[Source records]
|---|

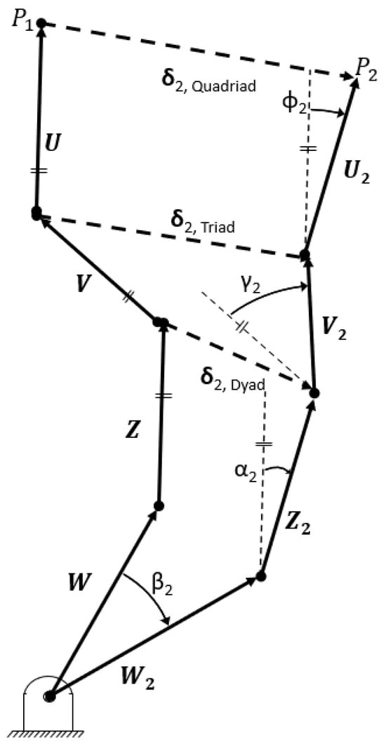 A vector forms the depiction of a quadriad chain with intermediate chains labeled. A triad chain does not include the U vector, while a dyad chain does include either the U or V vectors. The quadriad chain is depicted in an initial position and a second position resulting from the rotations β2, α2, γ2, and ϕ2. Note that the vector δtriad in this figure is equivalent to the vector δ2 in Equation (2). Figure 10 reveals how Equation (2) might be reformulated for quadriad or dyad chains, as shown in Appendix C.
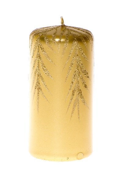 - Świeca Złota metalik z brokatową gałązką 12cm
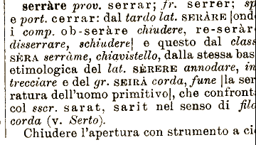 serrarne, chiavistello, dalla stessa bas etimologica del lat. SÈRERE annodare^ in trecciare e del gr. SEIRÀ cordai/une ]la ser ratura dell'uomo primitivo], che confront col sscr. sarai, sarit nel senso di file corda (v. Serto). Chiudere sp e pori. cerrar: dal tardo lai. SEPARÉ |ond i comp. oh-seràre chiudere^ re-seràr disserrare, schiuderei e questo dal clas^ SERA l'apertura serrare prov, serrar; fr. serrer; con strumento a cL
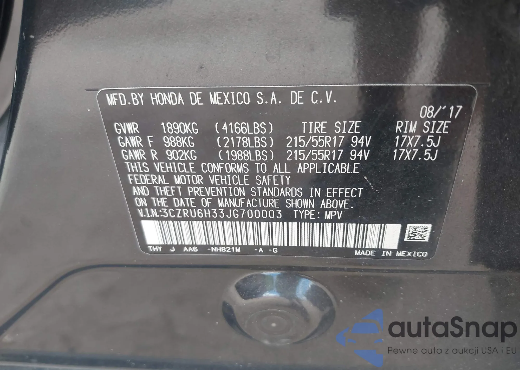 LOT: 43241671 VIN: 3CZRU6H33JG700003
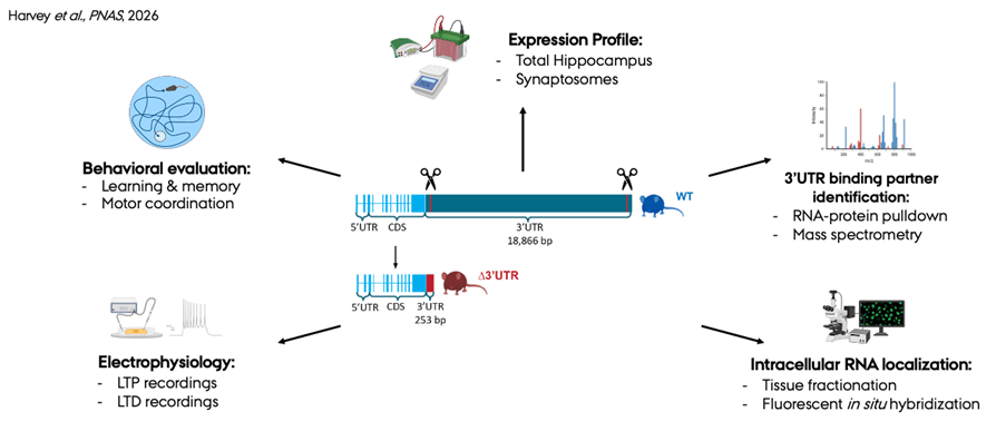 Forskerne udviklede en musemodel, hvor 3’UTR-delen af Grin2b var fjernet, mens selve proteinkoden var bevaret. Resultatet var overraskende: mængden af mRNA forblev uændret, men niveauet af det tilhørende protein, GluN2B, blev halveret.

|---|

Exercise goal
Exclude the images, then output the data above word for word.

Task result
 A vector forms the depiction of a quadriad chain with intermediate chains labeled. A triad chain does not include the U vector, while a dyad chain does include either the U or V vectors. The quadriad chain is depicted in an initial position and a second position resulting from the rotations β2, α2, γ2, and ϕ2. Note that the vector δtriad in this figure is equivalent to the vector δ2 in Equation (2). Figure 10 reveals how Equation (2) might be reformulated for quadriad or dyad chains, as shown in Appendix C.
 - Świeca Złota metalik z brokatową gałązką 12cm
 serrarne, chiavistello, dalla stessa bas etimologica del lat. SÈRERE annodare^ in trecciare e del gr. SEIRÀ cordai/une ]la ser ratura dell'uomo primitivo], che confront col sscr. sarai, sarit nel senso di file corda (v. Serto). Chiudere sp e pori. cerrar: dal tardo lai. SEPARÉ |ond i comp. oh-seràre chiudere^ re-seràr disserrare, schiuderei e questo dal clas^ SERA l'apertura serrare prov, serrar; fr. serrer; con strumento a cL
 LOT: 43241671 VIN: 3CZRU6H33JG700003
 Forskerne udviklede en musemodel, hvor 3’UTR-delen af Grin2b var fjernet, mens selve proteinkoden var bevaret. Resultatet var overraskende: mængden af mRNA forblev uændret, men niveauet af det tilhørende protein, GluN2B, blev halveret.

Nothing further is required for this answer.